Turning to positives, here’s Speaker Nancy Pelosi’s evaluation:
“The agreement includes over $284 billion for first and second forgivable PPP loans, expanded PPP eligibility for nonprofits and local newspapers, TV and radio broadcasters, key modifications to PPP to serve the smallest businesses and struggling nonprofits and better assist independent restaurants, and includes $15 billion in dedicated funding for live venues, independent movie theaters, and cultural institutions.”
$167.5 million for both the National Endowment for the Arts and National Endowment for the Humanities (a $5.25 million increase each from FY 2020 funding levels) and significant waivers
$257 million for the Institute of Museum and Library Services (IMLS).

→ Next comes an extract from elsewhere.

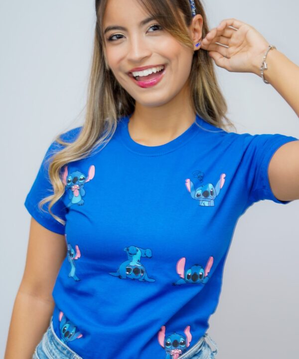 Veja abaixo a especificação de nossa T-Shirt Ohana Lilo Stitch na cor azul.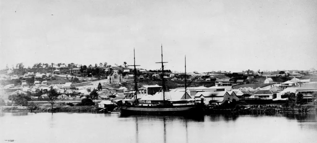 c. 1881. View of South Brisbane across the Brisbane River. The Anglican Church at South Brisbane is under construction. Photo source: State Libary of Queensland. Public domain.

$15 million additional to IMLS for a grant program to support American Latino Museums across the country
Authorization for the Smithsonian Institution to build and support two new museums on or near the National Mall in Washington, DC: the National Museum of the American Latino and a National Museum of Women’s History
$475 million for the Corporation for Public Broadcasting
$30.5 million (an increase of $500,000) for the federal Arts in Education grant program
Local responses in the SF Bay Area have been summed up by the SF Symphony:
Spearheaded by Speaker Nancy Pelosi, Leader Charles Schumer, Senator John Cornyn, House Small Business Committee Chair Nydia Velazquez, and Senate Small Business Committee Chair Marco Rubio, the current relief bill incorporates specific relief opportunities for performing arts and culture venues, supporting the recovery and survival of the nation’s arts and culture sector by incorporating eligibility for nonprofits in broader relief programs and promoting enhanced charitable giving through 2021.
The San Francisco Arts Alliance was proud to play a part in supporting the work of Speaker Nancy Pelosi and House Small Business Committee Chair Nydia Velazquez and their teams in ensuring support for the broadest swath of nonprofit arts and culture organizations through the inclusion of the Save our Stages (SOS) bill and the additional opportunity for the Payroll Protection Program (PPP).
“The arts and culture sector is an essential vehicle for healing and for driving the equitable and sustainable recovery and regeneration of communities across the nation,” said Deborah Cullinan, co-chair of the San Francisco Arts Alliance and CEO of Yerba Buena Center for the Arts.
“As we evolve the ways we bring joy, inspiration, and healing into our hard-hit communities, it is only by working hand-in-hand with our elected officials and policymakers on the federal, state, and local level that we will be able to support our nation’s creative workforce in service of the health and wellbeing of our communities.”
At SF Opera, General Director Matthew Shilvock (also co-chair of the SF Arts Alliance) said:
As we move into 2021 and the roll-out of the vaccine, it is our fervent hope that arts and culture organizations will be able to reconnect communities through a return to cultural gatherings. This relief bill supports the broad arts and culture sector in a number of important ways, both in sustaining our arts workers and organizations, and in ensuring greater equity of public access to digital artistic offerings through expanded broadband access. We are deeply grateful for this affirmative expression of support for the arts from Congress; it is critical to bringing back the arts and rebuilding our communities.”
Supporters of the legislation have been citing these statistics: contributing more than $877.8 billion to the nation’s economy in 2017, the arts and culture sector is an economic engine that directly employs more than 5 million workers nationwide. The current losses sustained by the arts and culture sector throughout the nation as a result of the COVID-19 pandemic have reached a staggering $14.6 billion by now.